Fwd: $50 Paint Booth Rental X-Large - $50
http://sandiego.craigslist.org/csd/bfs/4329405163.html

There's cheaper ones out there. Check craigslist. The military bases rent booths for $125/Day if you know any soldiers.


----------



## 619sandiegochargers (Jun 24, 2011)

thanks man ill keep looking cuz 50 a hr is a lil high ...maybe someone wanna make money off their space in their backyard or garage ..
if all else fails my homie knows a shop that'll charge me $50 a day its just hes 200 miles away


----------



## puffs (Jan 27, 2013)

619sandiegochargers said:


> thanks man ill keep looking cuz 50 a hr is a lil high ...maybe someone wanna make money off their space in their backyard or garage ..
> if all else fails my homie knows a shop that'll charge me $50 a day its just hes 200 miles away


 you do psint urself?


----------



## Duez (Feb 23, 2009)

619sandiegochargers said:


> thanks man ill keep looking cuz 50 a hr is a lil high ...maybe someone wanna make money off their space in their backyard or garage ..
> if all else fails my homie knows a shop that'll charge me $50 a day its just hes 200 miles away


Yeah $50/hr is way too much. The shop I worked at charged $54/hr to do the work for you. If you find a cheaper one in San Diego post it on here, we have a few cars to spray too. .


----------



## lowdeville (Jul 24, 2004)

Duez said:


> Yeah $50/hr is way too much. The shop I worked at charged $54/hr to do the work for you. If you find a cheaper one in San Diego post it on here, we have a few cars to spray too. .

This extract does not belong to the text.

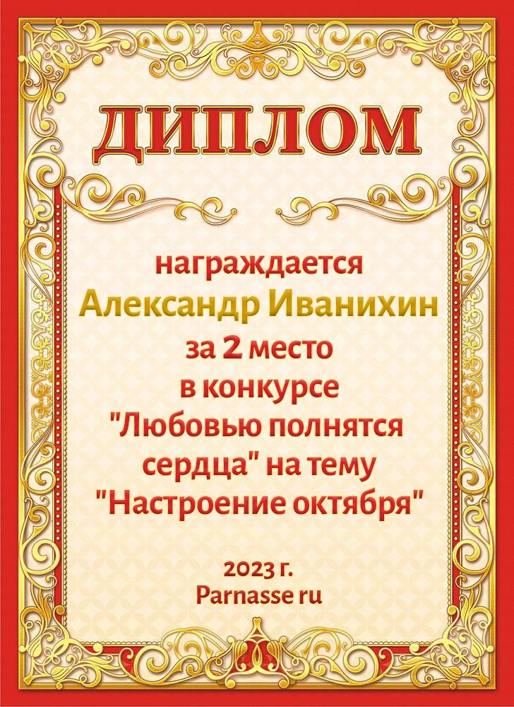 2 место в конкурсе "Любовью полнятся сердца" на тему "Настроение октября". Поздравляем!

This^there's lots of guys who'd spray it for that or less seeing how it's just flat black.


----------



## 619sandiegochargers (Jun 24, 2011)

*Finally!*



Duez said:


> Fwd: $50 Paint Booth Rental X-Large - $50
> http://sandiego.craigslist.org/csd/bfs/4329405163.html
> 
> There's cheaper ones out there. Check craigslist. The military bases rent booths for $125/Day if you know any soldiers.

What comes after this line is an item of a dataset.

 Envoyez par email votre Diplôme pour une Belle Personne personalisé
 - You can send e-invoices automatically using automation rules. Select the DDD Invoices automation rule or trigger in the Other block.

ive been houding for a work shop and finaloy found it on 960 broadway chula vista
U-Do-IT booth rental 
stop here before you call go somewhere quiet she a old asian lady and is a lil hard to understand her

she might try to hustle i got my rates as follows 

$65 paint booth rental 
$50 A day for manual bodywork to power tools +$20 for electricity
she gave me a firme price full month of bodywork privliges for $350

the # are 6193709779/# 6194760003
now we can paint our babies
made my appt suggest you do too


----------



## KAKALAK (Mar 11, 2005)

450 a month here in fl gets you 800 square feet in a workshop place.... so 350 is good


----------



## Duez (Feb 23, 2009)

619sandiegochargers said:


> ive been houding for a work shop and finaloy found it on 960 broadway chula vista
> U-Do-IT booth rental
> stop here before you call go somewhere quiet she a old asian lady and is a lil hard to understand her
> 
> ...


Awesome find! Definetly gonna hit her up.


----------